#### SOURCE DATA
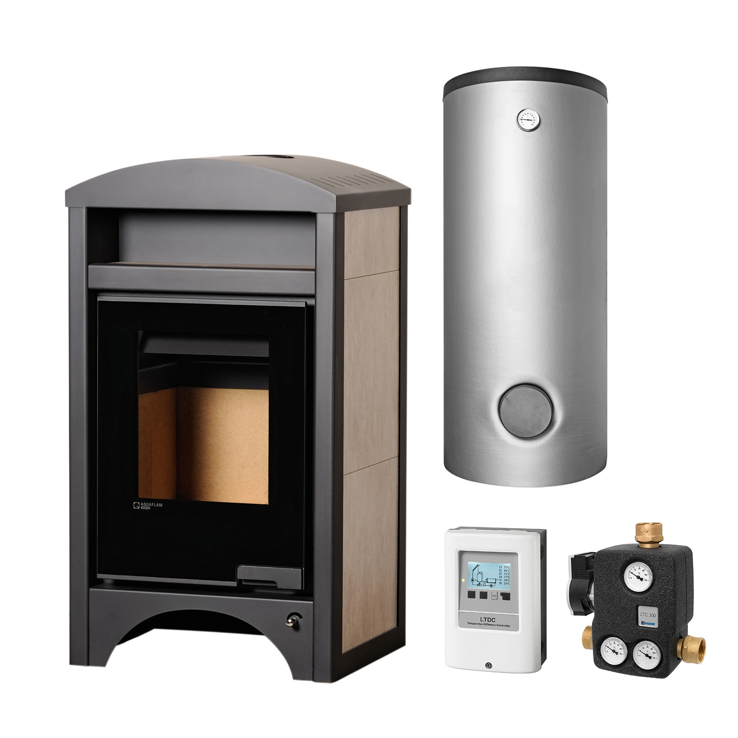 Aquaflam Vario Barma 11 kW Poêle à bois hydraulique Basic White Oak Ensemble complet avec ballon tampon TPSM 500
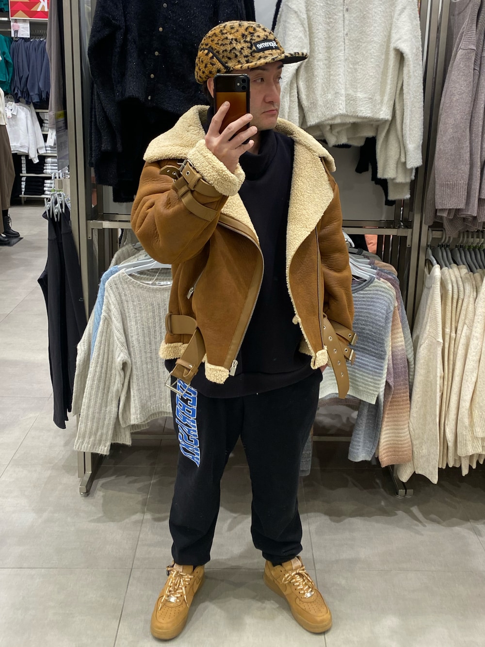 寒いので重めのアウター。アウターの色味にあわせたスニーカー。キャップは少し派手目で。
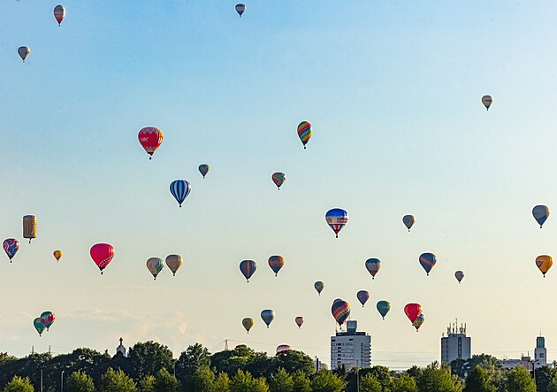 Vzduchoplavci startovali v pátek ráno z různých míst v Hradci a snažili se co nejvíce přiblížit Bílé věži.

#### ACTIVITY
Beginning with the line that holds "寒いので重めのアウター。アウ", output each line to the end of the material above, exactly, omitting the pictures.

#### WRITTEN SOLUTION
 寒いので重めのアウター。アウターの色味にあわせたスニーカー。キャップは少し派手目で。
 Vzduchoplavci startovali v pátek ráno z různých míst v Hradci a snažili se co nejvíce přiblížit Bílé věži.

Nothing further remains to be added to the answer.